The model has 12,615,682 trainable parameters


# Training and Evaluation

In [22]:
from typing import Tuple
def train_and_validate(model, criterion, optimizer, train_loader, val_loader, num_epochs: int, device: torch.device) -> Tuple[dict, dict, dict, torch.nn.Module]:
    model.to(device)

    train_loss_history = {}
    val_loss_history = {}
    val_acc_history = {}
    train_acc_history = {}
    best_val_loss = float('inf')
    best_model = None

    for epoch in range(num_epochs):
        # Training loop
        model.train()
        running_loss = 0.0
        train_total=0
        train_correct=0
        for batch_idx, (inputs, targets) in enumerate(train_loader):
            inputs, targets = inputs.to(device), targets.to(device)

            # Forward pass
            outputs = model(inputs)
            loss = criterion(outputs, targets)

            # Backward pass
            optimizer.zero_grad()
            loss.backward()

            # Update model parameters
            optimizer.step()

            running_loss += loss.item()
            _, predicted = torch.max(outputs, 1)
            train_total += targets.size(0)
            train_correct += (predicted == targets).sum().item()

        # Validation loop
        model.eval()
        val_running_loss = 0.0
        correct = 0
        total = 0
        with torch.no_grad():
            for inputs, targets in val_loader:
                inputs, targets = inputs.to(device), targets.to(device)
                outputs = model(inputs)
                loss = criterion(outputs, targets)

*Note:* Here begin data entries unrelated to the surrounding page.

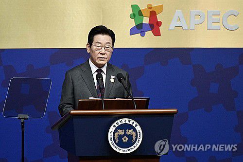 (경주=연합뉴스) 한종찬 기자 = 이재명 대통령이 29일 경북 경주예술의전당에서 열린 'APEC CEO(최고경영자) 서밋' 개회식에서 특별연설을 하고 있다. 2025.10.29 [공동취재]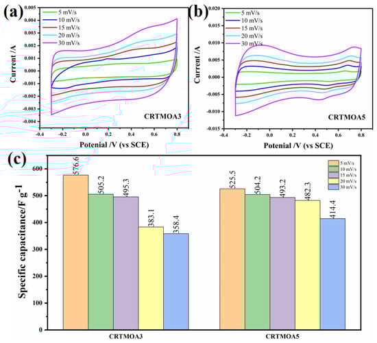 CV curves of (a) CRTMOA3 and (b) CRTMOA5, and (c) capacitance values of CRTMOA3 and CRTMOA5 at different scan rates in 1M Na2SO4 solution.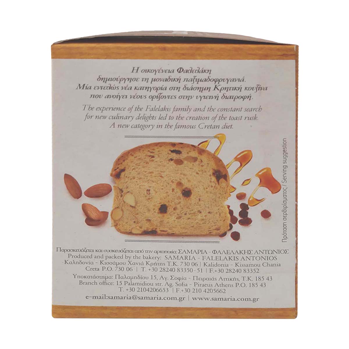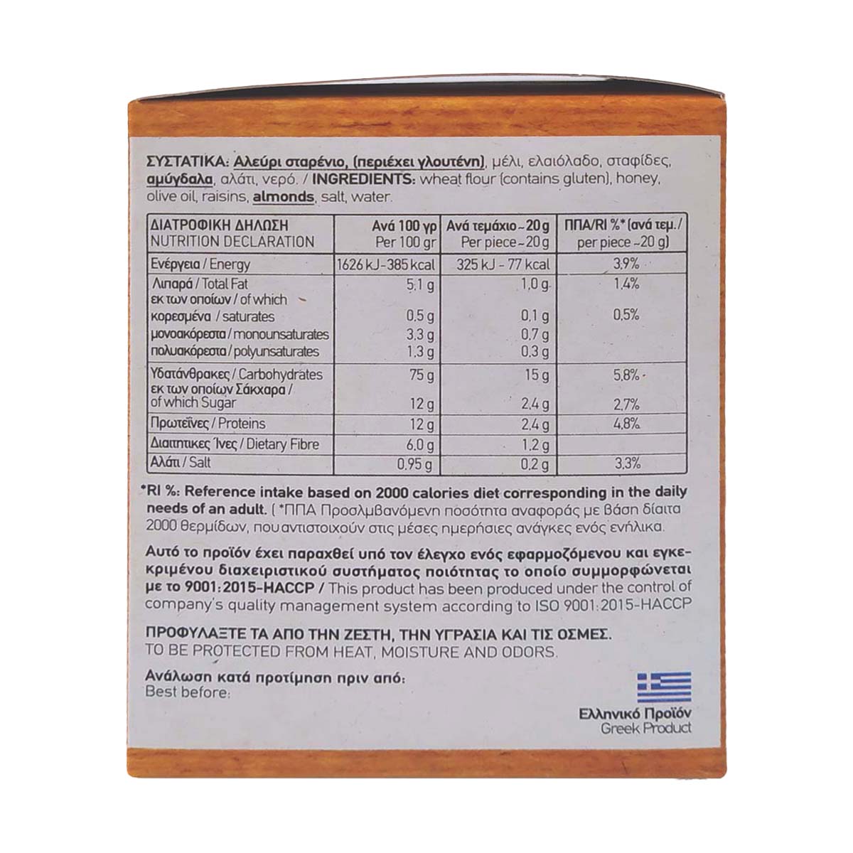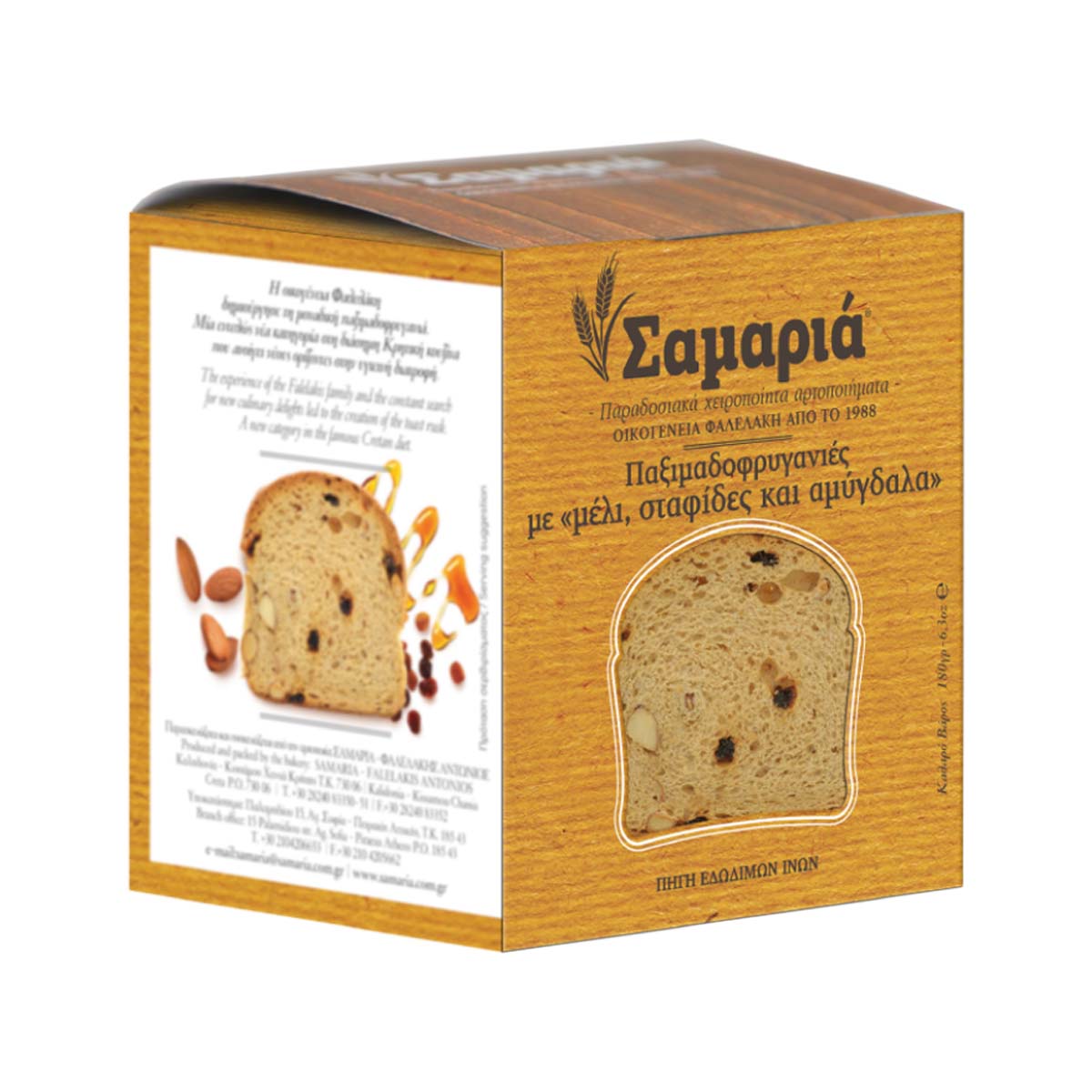 Κρητική Παραδοσιακή Χειροποίητη Παξιμαδοφρυγανια με Μέλι Σταφίδες και Αμύγδαλα. Ένας υπέροχος συνδυασμός αγνών και Κρητικών πρώτων υλών, υψηλής διατροφικής αξίας και ακαταμάχητης γεύσης! Διπλοφουρνιστες Παξιμαδοφρυγανιες πλούσιες σε βιταμίνες, λόγω των φυτικών ινών που περιέχουν και ιδανικές για μια ισορροπημένη διατροφή χαμηλή σε λιπαρά, καθώς δεν περιέχουν πρόσθετα σάκχαρα.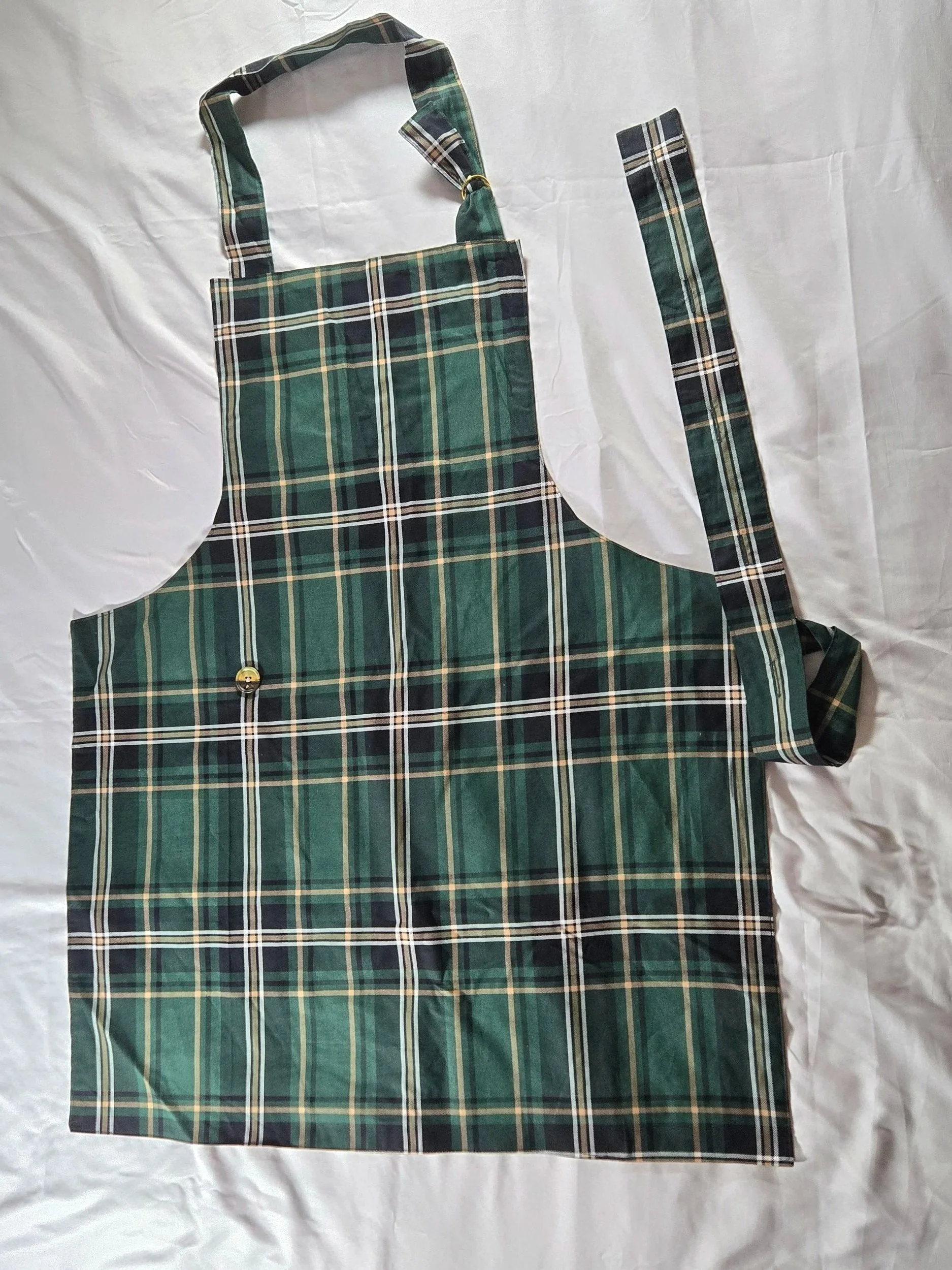 All of our aprons are 100% cotton. Adult Aprons measure approximately 36”Lx30”W, plus 60 total inches of strap length.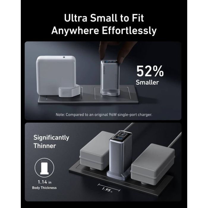 - تقنية GaN لضمان كفاءة عالية وحجم أصغر وتوليد حرارة أقل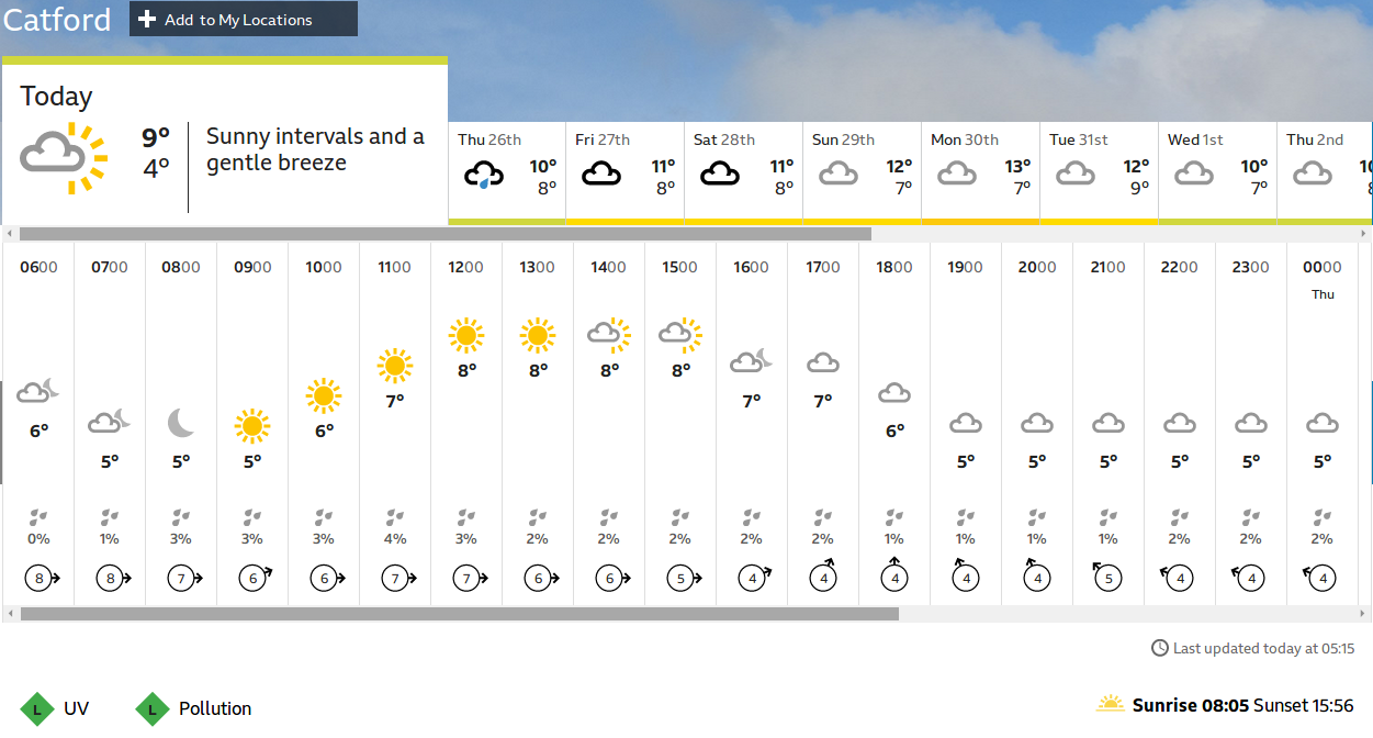 GMT Yesterday didn't turn out quite like the forecast predicted - except the hastily put together revision that reflected reality almost after it happened. The morning was bright and frequently sunny, but just 11° C doesn't feel warm at all in a howling gale ! By midday the wind had dropped, and the clouds thickened. There was no hint it was coming in the morning's forecast, but it then started to rain - and it was almost heavy rain ! The rest of the day was rubbish - dull, sometimes wet, and getting cooler. ![]() According to this forecast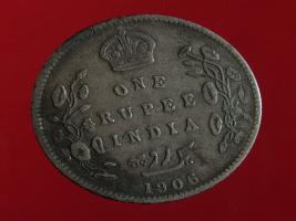| Description / विवरण | A silver rupee of Bald head of Emperor King Edward VII- facing right Obverse Legend Edward VII- King & Emperor Reverse One rupee India 1906 yak rupiah in persian script |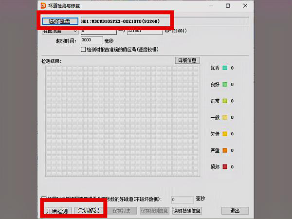 5、继续,在【坏道检测与修复窗口】窗口中,点击左上角的“选择磁盘”按钮,选择要修复的磁盘字符。点击窗口左下角的开始检测并尝试修复按钮,软件会自动检测并修复坏盘。请参考下图进行操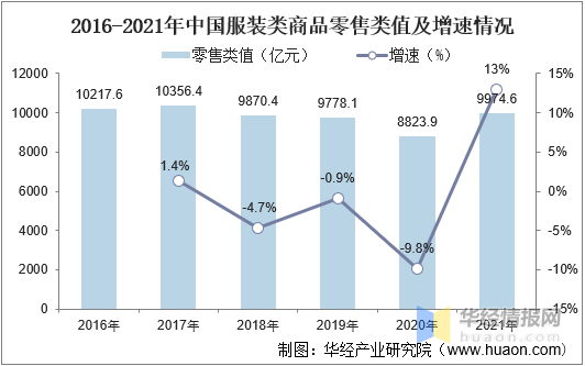 服装行业是我国化学纤维主要的需求领域,随着我国服装行业的不断发展,服装行业的规模不断增长,庞大的消费需求带动了我国化学纤维行业的发展。据资料显示,2021年我国服装类商品零售类值为9974.6亿元,同比增长13%。

                val_running_loss += loss.item()
                _, predicted = torch.max(outputs, 1)
                total += targets.size(0)
                correct += (predicted == targets).sum().item()

        # Calculate average losses and accuracy
        train_loss = running_loss / len(train_loader)
        val_loss = val_running_loss / len(val_loader)
        val_acc = correct / total
        train_acc = train_correct/train_total

        # Save losses and accuracy to history
        train_loss_history[epoch] = train_loss
        train_acc_history[epoch] = train_acc
        val_loss_history[epoch] = val_loss
        val_acc_history[epoch] = val_acc

        # Check if current model is better than previous best model
        if val_loss < best_val_loss:
            best_val_loss = val_loss
            best_model = model.state_dict()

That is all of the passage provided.